DATA FOR THIS TASK:
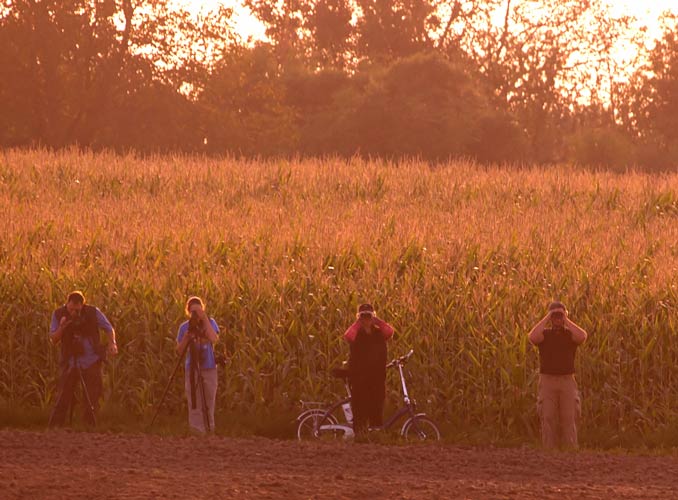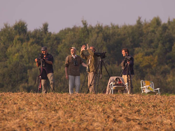 | Vogelbeobachter am Kaiserstein in Münchingen | auf dem Acker ist ein Sandregenpfeifer | der Sandregenpfeifer ... mehr über Sichtungen von → Regenpfeifern im Glemstal |
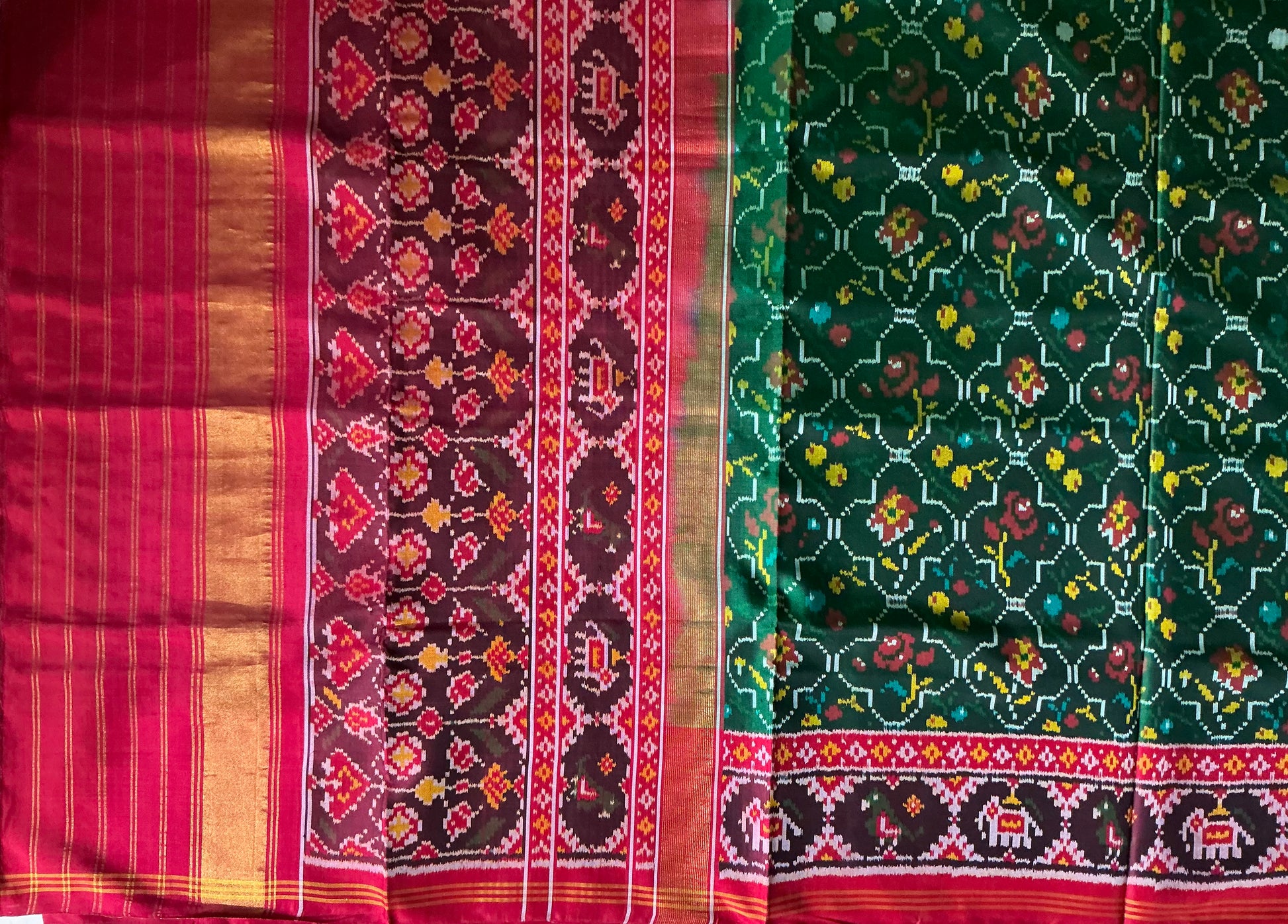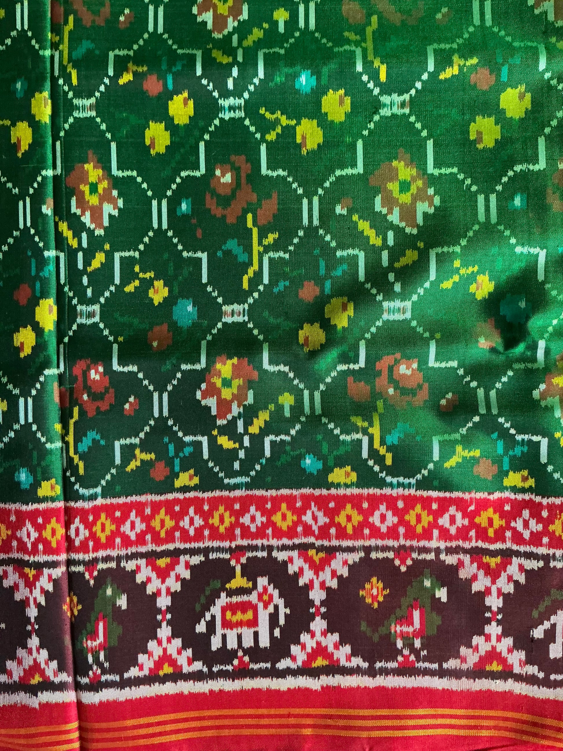 Brand new green Tal fancy Tal in rose Patan Patola First Copy Semi Ikkat Patola Saree.
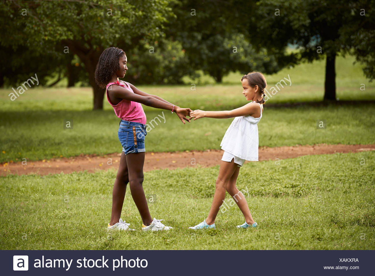 Two Hispanic And African Little Girls Playing Ring Around The Rosie In Public Park And Holding Hands Stock Photo Alamy
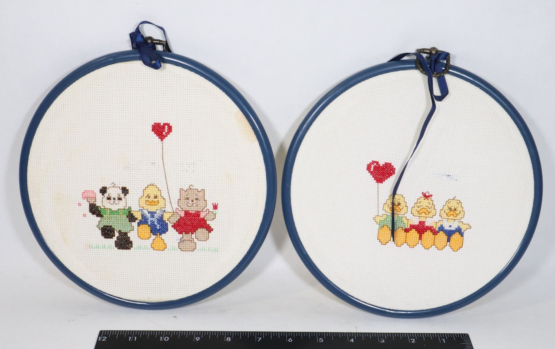 TWO HAND MADE EMBROIDERED ROUND ART PIECES
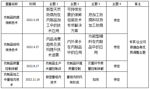 在此背景下,我们设立“肉制品联盟知识讲堂”系列直播课,特邀请知名企业技术人员或专家给我们分享前沿技术,为肉制品行业同仁搭建一个线上学习、交流互动的平台,促进企业与人才、企业与企业之间的交流,共享行业先进技术,提高肉制品行业的技术水平。
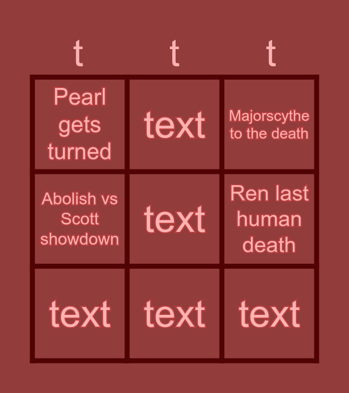 This bingo card has 41 words: text, text, text, Pearl gets turned, The castle is destroyed, text, Abolish vs Scott showdown, Apo makes it home to Cherri, text, Pyro dies violently, Shelby + Drift + Scott team up, Ren last human death, text, text, text, Only one person survives, The square hole kills again, Majorscythe to the death, Scott gets to monologue, text, text, text, text, text, text, text, text, text, text, text, text, text, text, text, text, text, text, text, text, text and text.
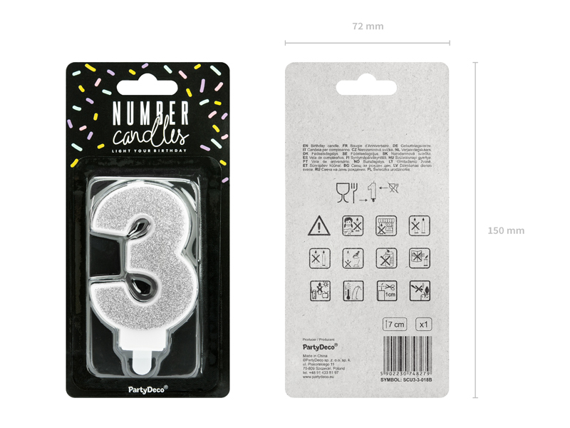 Birthday candle Number 3, silver glittery, size approx. 7 cm.

DIRECTIONS: Write the listing out exactly, word for word, but omit the pictures.

YOUR RESPONSE:
 | Vogelbeobachter am Kaiserstein in Münchingen | auf dem Acker ist ein Sandregenpfeifer | der Sandregenpfeifer ... mehr über Sichtungen von → Regenpfeifern im Glemstal |
 Brand new green Tal fancy Tal in rose Patan Patola First Copy Semi Ikkat Patola Saree.
 Two Hispanic And African Little Girls Playing Ring Around The Rosie In Public Park And Holding Hands Stock Photo Alamy
 TWO HAND MADE EMBROIDERED ROUND ART PIECES
 在此背景下,我们设立“肉制品联盟知识讲堂”系列直播课,特邀请知名企业技术人员或专家给我们分享前沿技术,为肉制品行业同仁搭建一个线上学习、交流互动的平台,促进企业与人才、企业与企业之间的交流,共享行业先进技术,提高肉制品行业的技术水平。
 This bingo card has 41 words: text, text, text, Pearl gets turned, The castle is destroyed, text, Abolish vs Scott showdown, Apo makes it home to Cherri, text, Pyro dies violently, Shelby + Drift + Scott team up, Ren last human death, text, text, text, Only one person survives, The square hole kills again, Majorscythe to the death, Scott gets to monologue, text, text, text, text, text, text, text, text, text, text, text, text, text, text, text, text, text, text, text, text, text and text.
 Birthday candle Number 3, silver glittery, size approx. 7 cm.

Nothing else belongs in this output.